Now, Motorola has outdone even the Nexus by announcing the new Moto G, an impressive phone with a price tag nearly half that of the Nexus 5. Starting at just $180 for the 8 GB model, the G will cost less without a two year agreement than many competitors sell for on-contract, giving a persuasive option to those stuck in the middle of a contact who cannot wait for another subsidy to roll around, as well consumers who prefer to avoid carrier contracts altogether.
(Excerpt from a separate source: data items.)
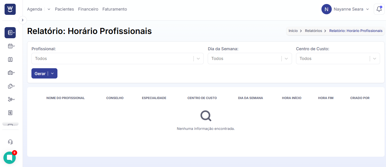 5. Após acessar o relatório, os campos para preenchimento serão exibidos na tela. Primeiro, informe o período desejado, selecionando o dia da semana, o nome do profissional e o centro de custo para filtrar o relatório. Em seguida, clique em "GERAR" para criar o documento.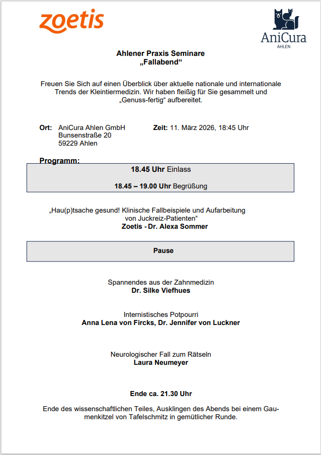 „Das vermittelte Wissen soll so vorgetragen werden, dass Tierärztinnen und Tierärzte es ohne Umschweife ihren Patienten zugutekommen lassen können. So können die Kolleginnen und Kollegen morgens noch Sprechstunde halten und abends wieder zu Hause sein und trotzdem Vorträge namhafter Referenten hören.“ – dies ist der Grundgedanke der Fortbildungsreihe.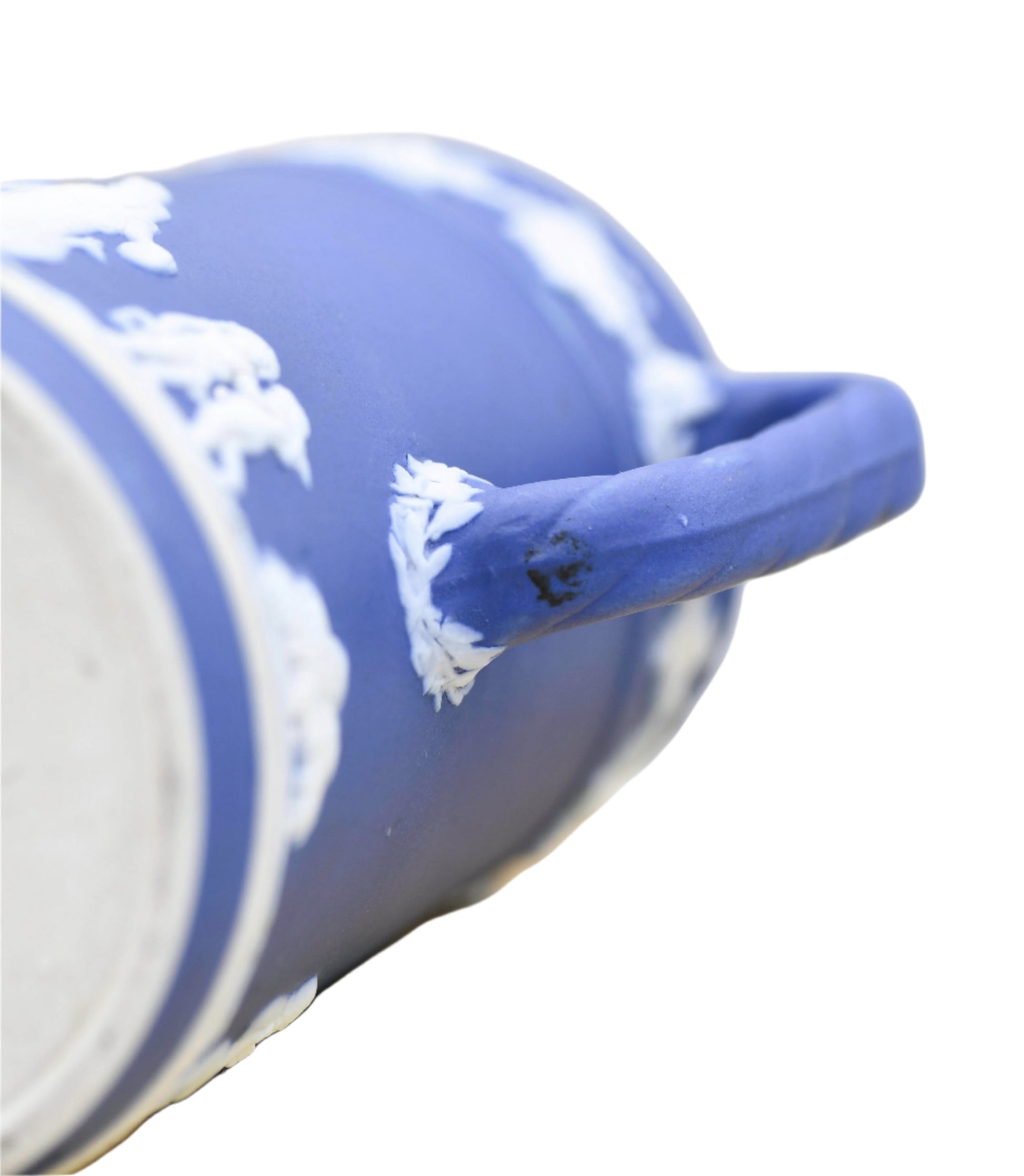 A decorative blue Wedgwood small pitcher or creamer with white porcelain overlay. The pitcher is matte medium blue jasperware. The white overlay decoration is raised depicting females, trees, cherubs, and botanicals. There is light soiling along the white upper rim. The pressed Wedgwood seal is on the base. There is light soiling on the handle. There are no chips or cracks. Lightweight. The color of blue is slightly darker / deeper than pictured in regular light. Size: 4.65 x 4". Date of origin is unknown. Provenance: England. Free U.S. shipping at checkout.

Under the hood, the Moto G packs an impressive quad-core Snapdragon processor and acceptable 2070 mAh battery. The 4.5” screen tries to hit a sweet spot between some of the smaller phones on the market and the larger ones, and is capable of 720p HD video playback; it’s not full high definition, but on a midsized screen it still ought to look pretty sharp, providing marginally higher pixel density than the iPhone 5S.
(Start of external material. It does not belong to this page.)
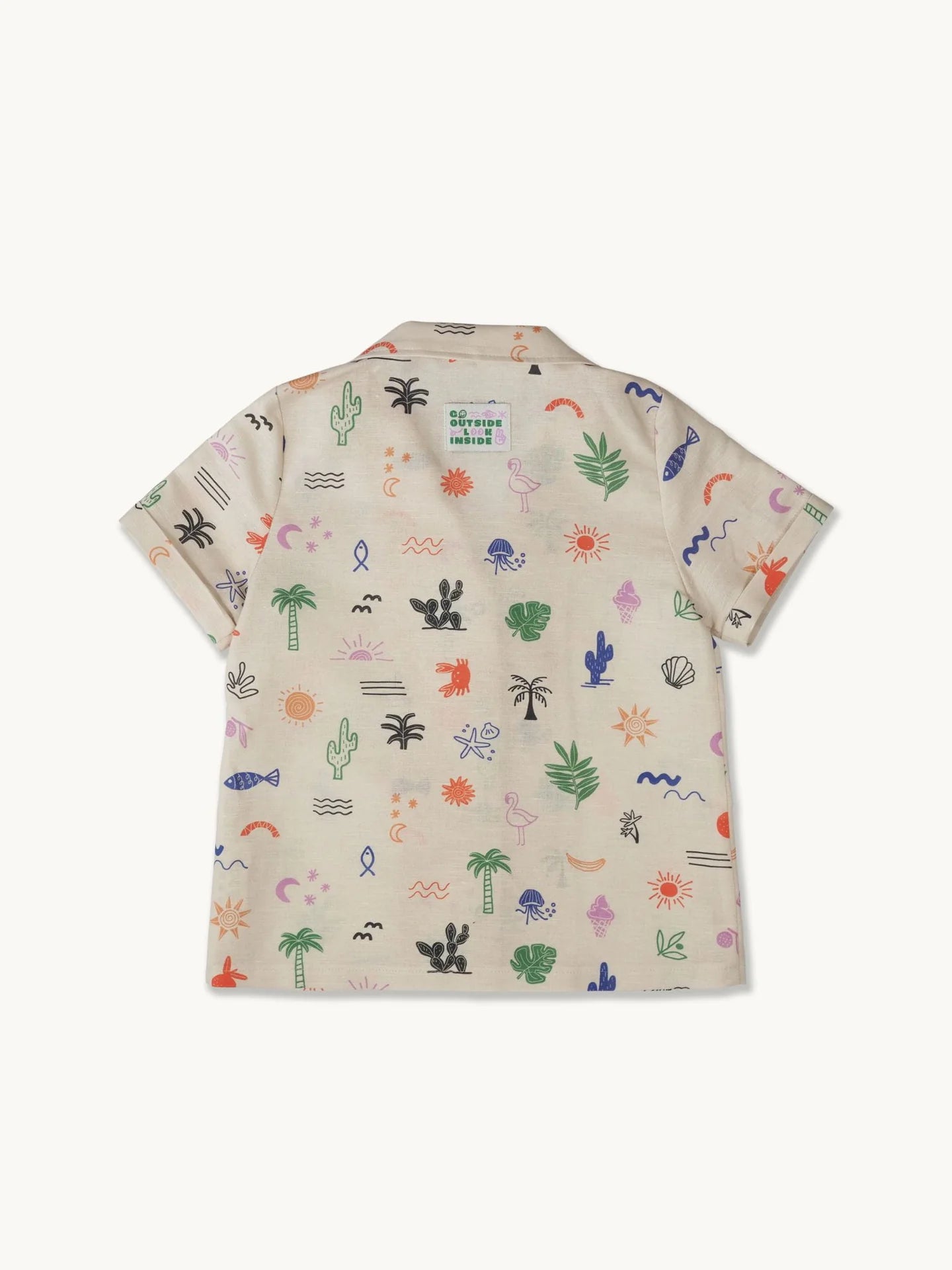 A linen shirt with a simple cut decorated with an original print. Fastened with snaps. The combination of linen and cotton is an ideal solution for summer days. Thanks to its lightness and airiness, the shirt will provide your child with comfort in the hottest weather. The shirt can be worn with shorts. Sewn in Poland.

The miniscule price tag does, unfortunately come with a few tradeoffs. At only 5 megapixels, the G’s rear camera won’t be shooting the highest quality photos, and the phone’s spec sheet makes no mention of 4G/LTE, which means it may not be able to take advantage of the nation’s fastest networks. It does not currently run the latest Android software (4.4 KitKat), though by the time the new Moto hits US store shelves in January there could be an update available.
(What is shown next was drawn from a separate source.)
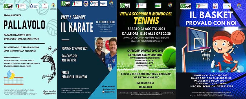 OFFIDA – “Settembre & Sport” sarà una vera e propria anteprima di quello che accadrà proprio nel prossimo mese di settembre, quando le attività sportive riprenderanno a pieno regime. Nel prossimi fine settimana, ad Offida, sarà possibile praticare e conoscere meglio tennis, basket, pallavolo e karate, grazie alle associazioni del territorio ossia Circolo Tennis Remo Barbizzi, Basket Offida, Offida Volley e Master Karate Offida Fitness Club.

What the Moto G lacks in raw horsepower, however, it tries to make up for in personality. Taking a cue from its slightly older sibling, the Moto X, the G will provide a number of colorful options to its users. Customers won’t be able to completely modify the phone’s façade before they purchase it as they can with the X, but they will have a multitude of swappable back covers and cases available to them. The shells will be available in a variety of warm colors and come in three different styles: basic back-cases, “flip shells” equipped with screen-protecting covers for the phones’ front sides, and “Grip Shells” with equally colorful rubberized sides to protect the devices from falls and make them more comfortable to hold.
The Moto G certainly will not be the most powerful smartphone around when it hits the market, but it will make a compelling case for anyone looking to get a quality handset without breaking the bank.